====== ENTRIES PROVIDED ======

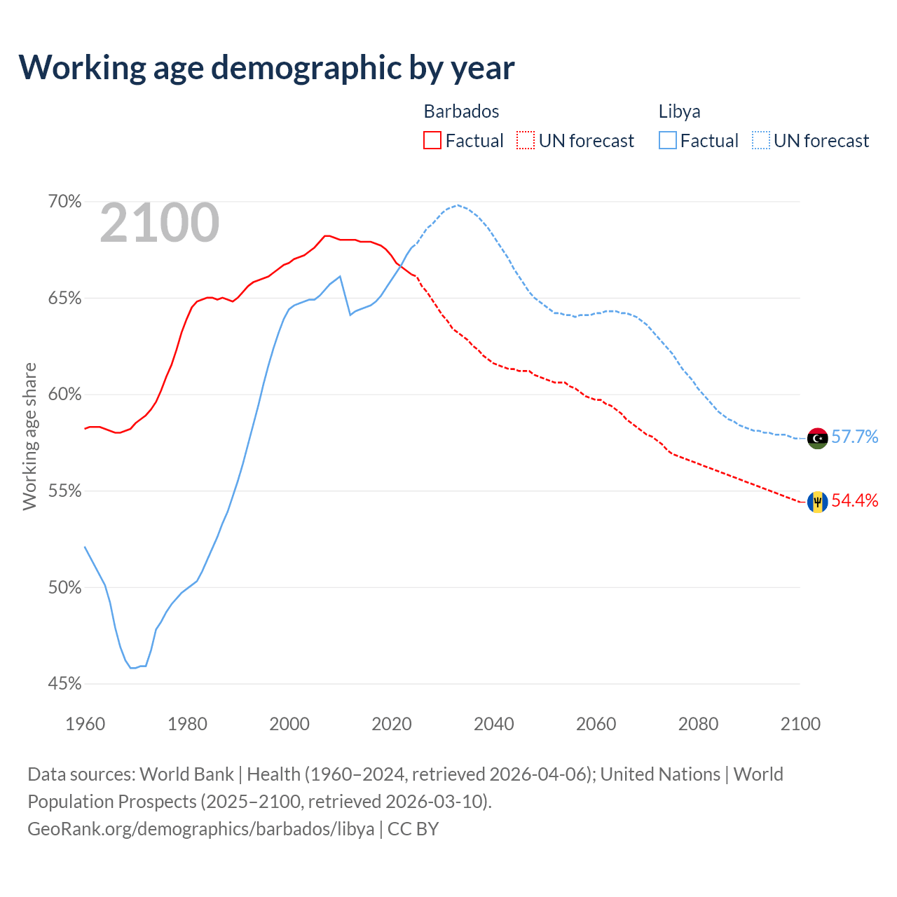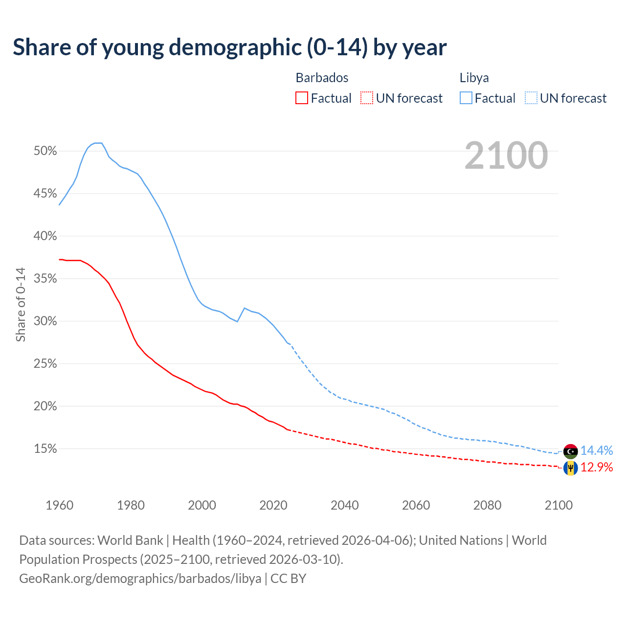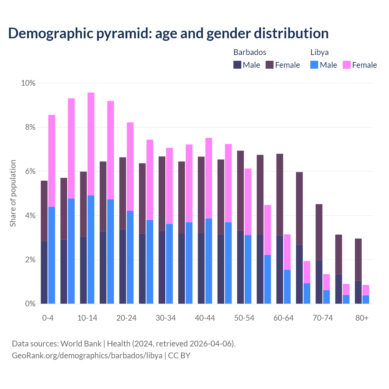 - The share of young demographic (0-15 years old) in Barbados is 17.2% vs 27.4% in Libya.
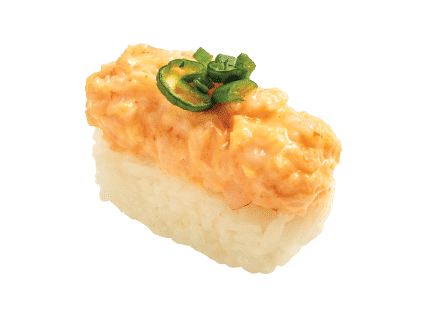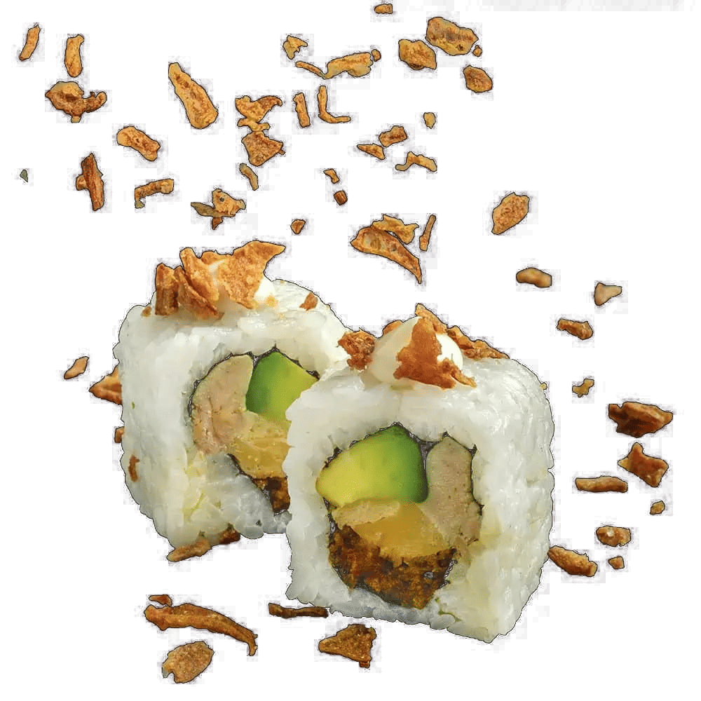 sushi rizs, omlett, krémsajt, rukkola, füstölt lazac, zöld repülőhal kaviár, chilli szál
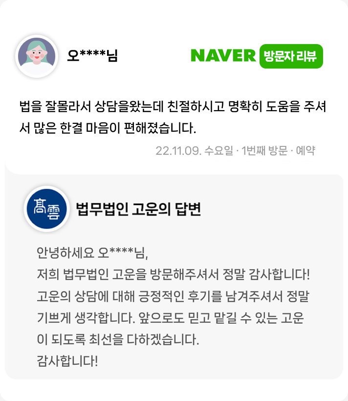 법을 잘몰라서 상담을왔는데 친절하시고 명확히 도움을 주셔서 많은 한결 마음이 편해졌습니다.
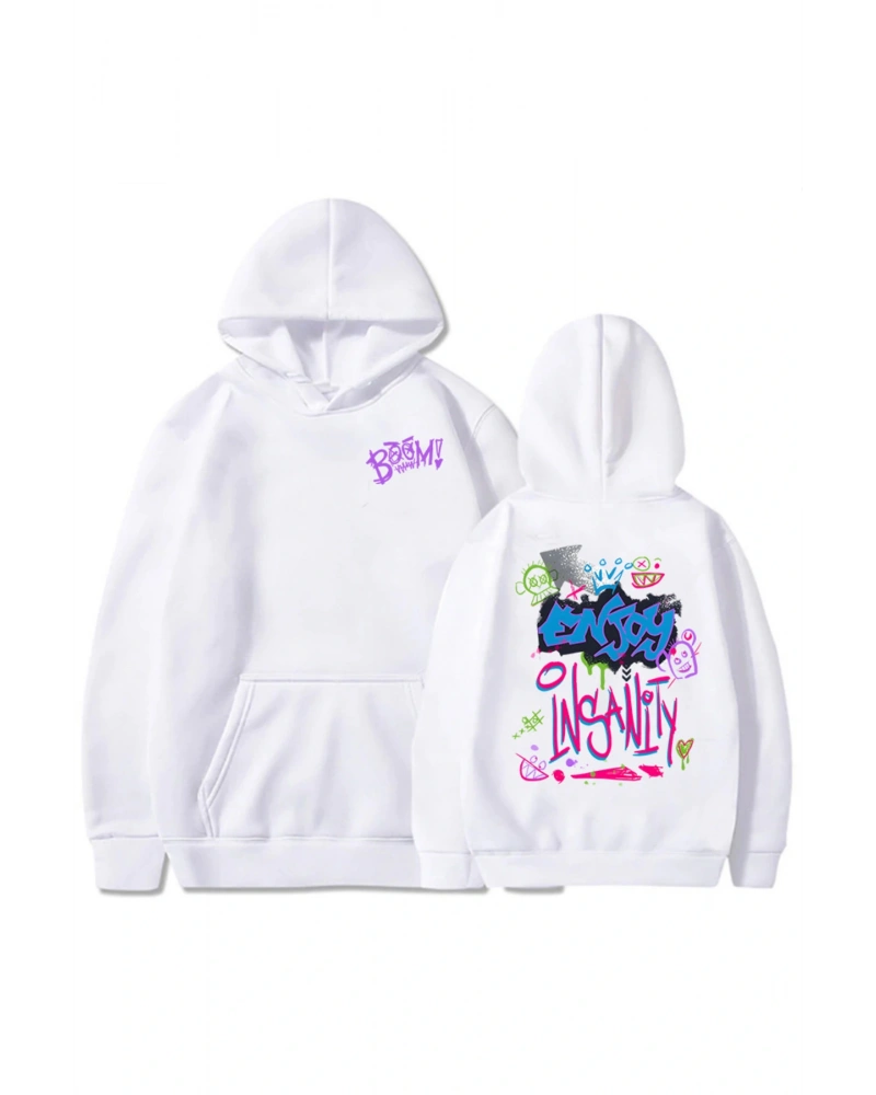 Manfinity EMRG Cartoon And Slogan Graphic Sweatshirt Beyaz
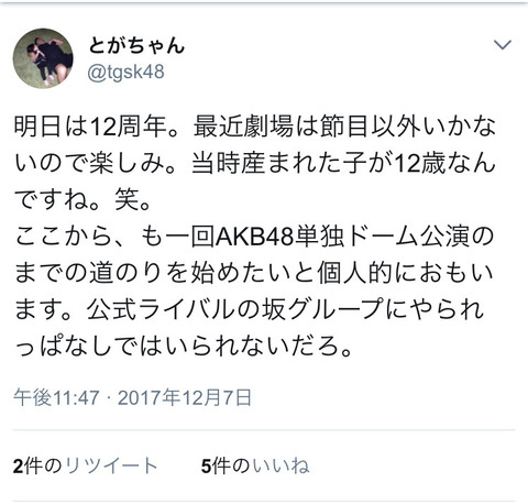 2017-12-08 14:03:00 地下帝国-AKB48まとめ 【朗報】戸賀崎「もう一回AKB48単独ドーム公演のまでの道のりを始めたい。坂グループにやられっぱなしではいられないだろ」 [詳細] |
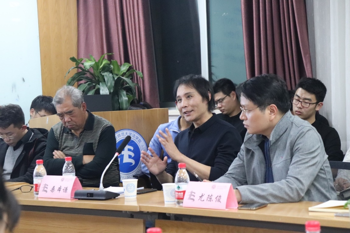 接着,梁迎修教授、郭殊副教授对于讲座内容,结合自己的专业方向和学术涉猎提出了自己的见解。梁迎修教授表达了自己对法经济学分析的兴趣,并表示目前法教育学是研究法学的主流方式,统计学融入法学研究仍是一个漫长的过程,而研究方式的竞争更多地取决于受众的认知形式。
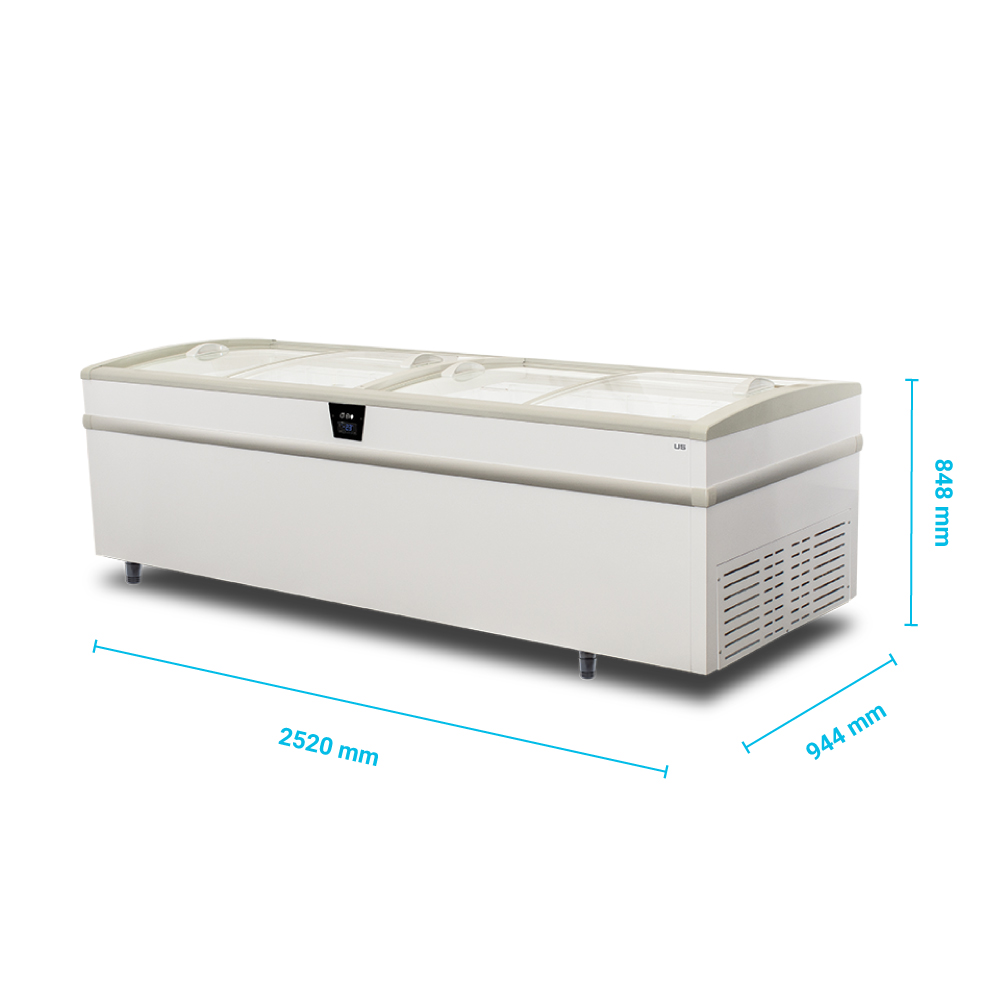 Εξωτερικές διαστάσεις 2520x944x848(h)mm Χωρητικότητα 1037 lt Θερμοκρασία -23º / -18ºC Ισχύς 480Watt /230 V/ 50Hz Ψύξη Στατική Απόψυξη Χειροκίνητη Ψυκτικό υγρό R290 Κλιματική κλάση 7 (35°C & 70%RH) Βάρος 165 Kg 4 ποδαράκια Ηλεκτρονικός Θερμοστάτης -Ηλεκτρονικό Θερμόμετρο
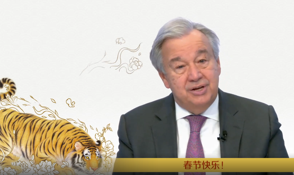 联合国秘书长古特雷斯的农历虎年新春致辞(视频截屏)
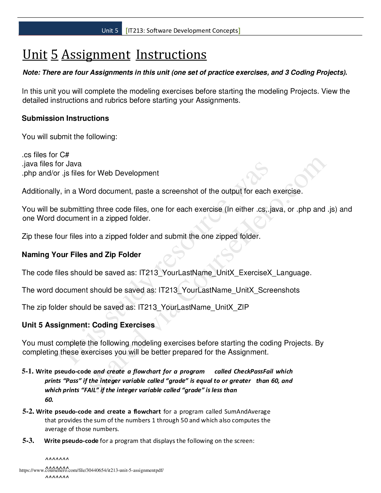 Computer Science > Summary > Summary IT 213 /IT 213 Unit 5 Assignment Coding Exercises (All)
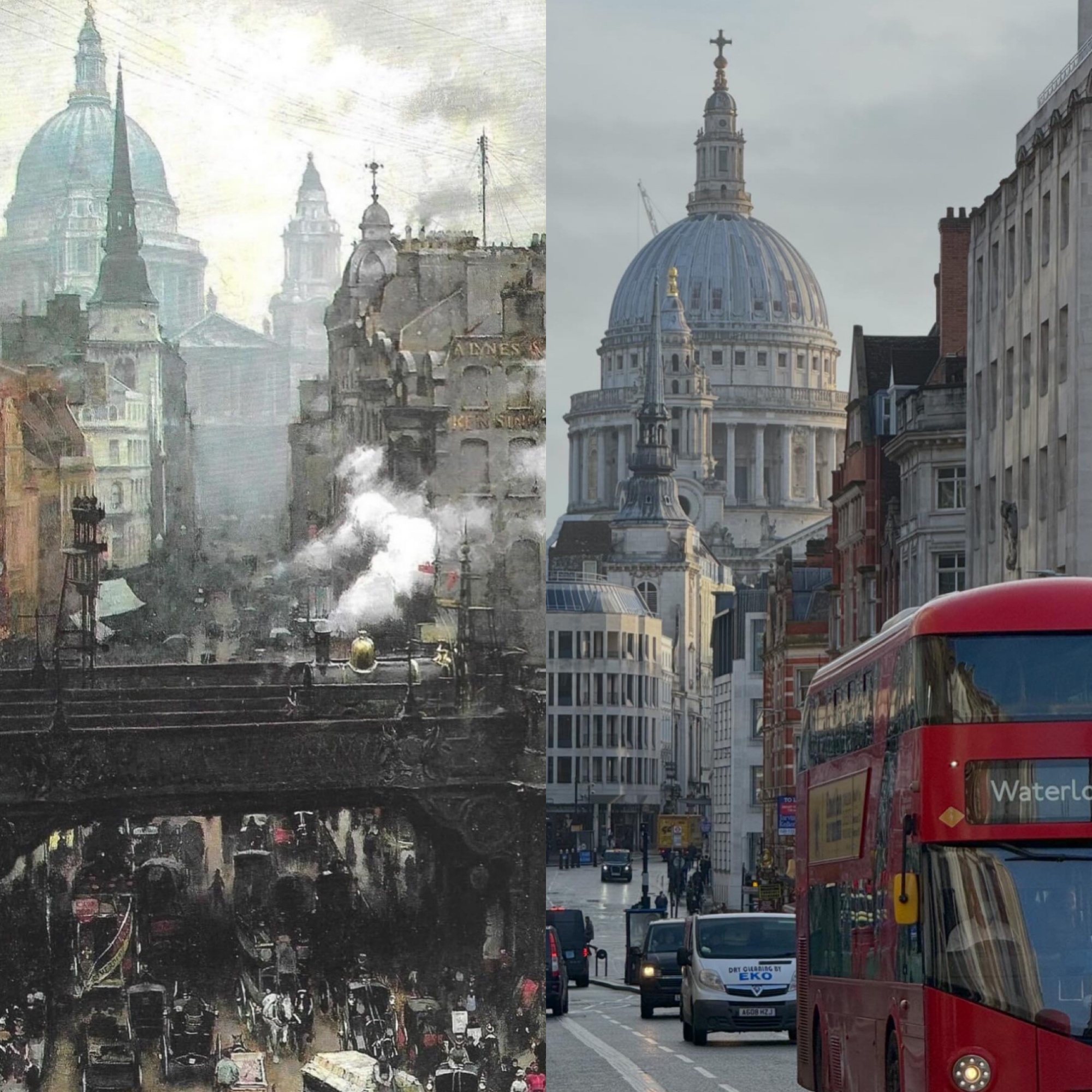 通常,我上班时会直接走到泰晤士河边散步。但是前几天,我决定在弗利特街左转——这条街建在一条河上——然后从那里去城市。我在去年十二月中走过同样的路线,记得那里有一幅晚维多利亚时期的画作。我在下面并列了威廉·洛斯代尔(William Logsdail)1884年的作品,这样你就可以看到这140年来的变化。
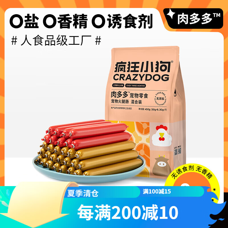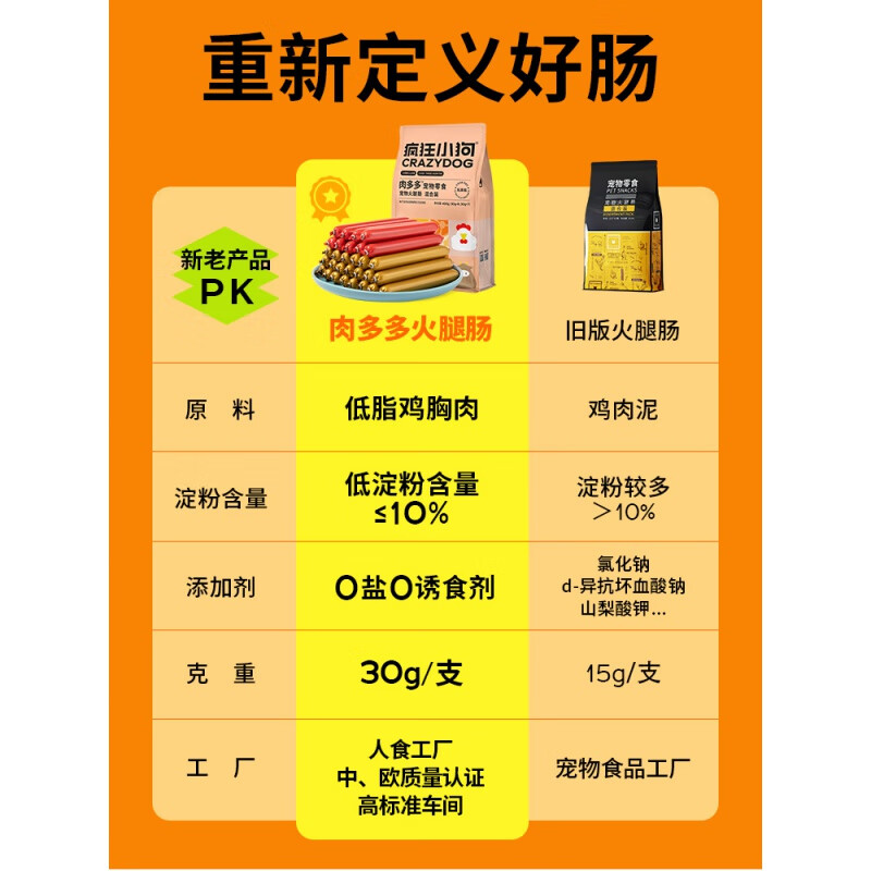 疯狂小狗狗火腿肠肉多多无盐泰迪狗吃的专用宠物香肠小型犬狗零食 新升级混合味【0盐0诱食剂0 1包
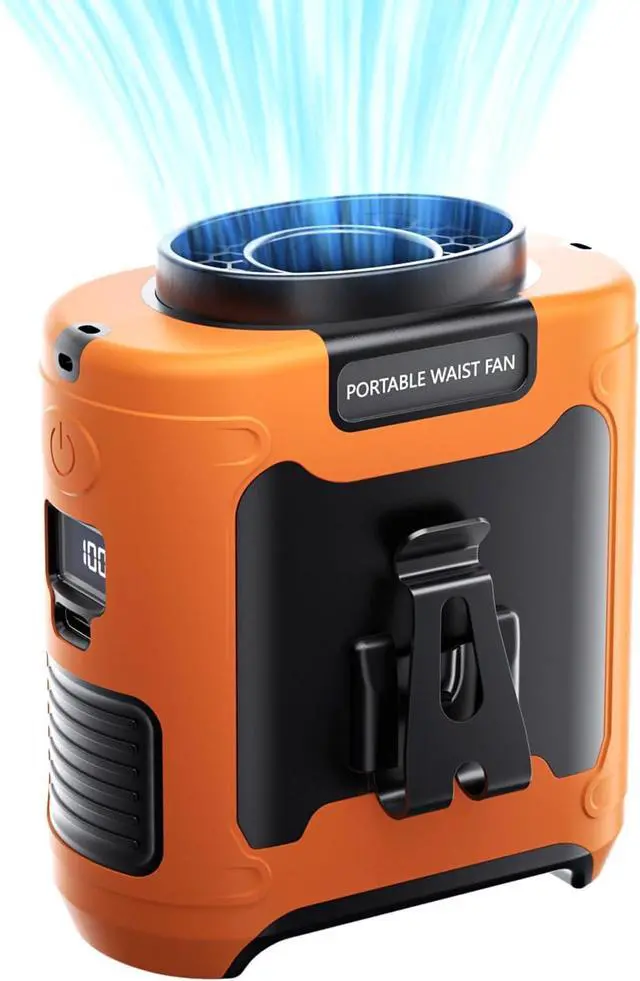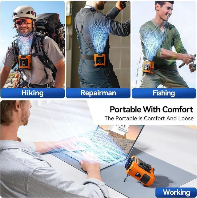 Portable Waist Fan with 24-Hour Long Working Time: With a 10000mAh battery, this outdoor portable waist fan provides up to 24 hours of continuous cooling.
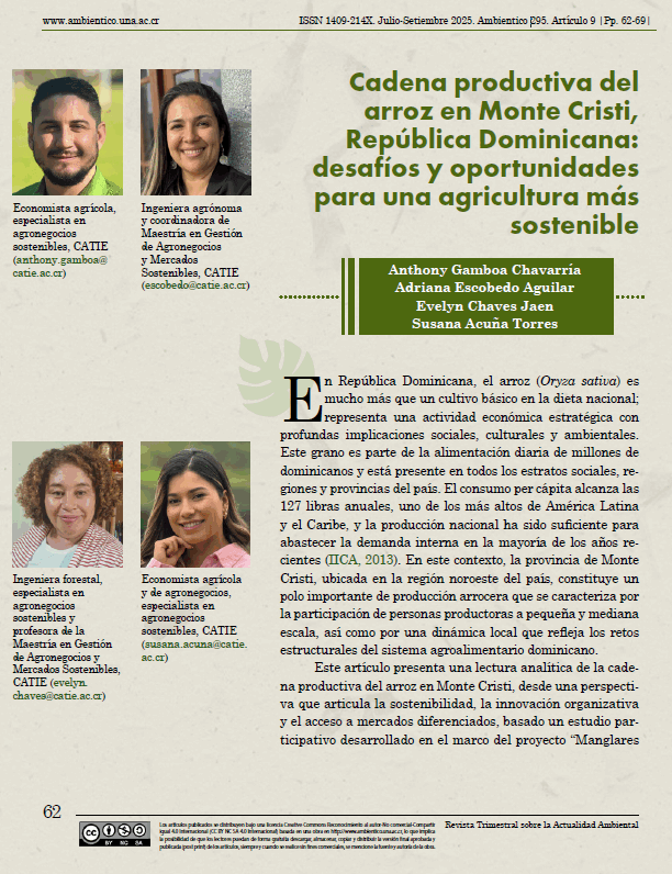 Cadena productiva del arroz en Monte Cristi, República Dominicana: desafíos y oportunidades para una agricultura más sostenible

======

§ **TASK**
Word for word, retype the lines from the one that contains "疯狂小狗狗火腿肠肉多多无盐泰迪狗吃的专用宠物香肠小型犬狗零食 新升级混合味【0盐0诱食剂0 1包" through the final line of the data, both ends included, excluding pictures.

§ **SOLUTION TO THE PROBLEM**
 疯狂小狗狗火腿肠肉多多无盐泰迪狗吃的专用宠物香肠小型犬狗零食 新升级混合味【0盐0诱食剂0 1包
 Portable Waist Fan with 24-Hour Long Working Time: With a 10000mAh battery, this outdoor portable waist fan provides up to 24 hours of continuous cooling.
 Cadena productiva del arroz en Monte Cristi, República Dominicana: desafíos y oportunidades para una agricultura más sostenible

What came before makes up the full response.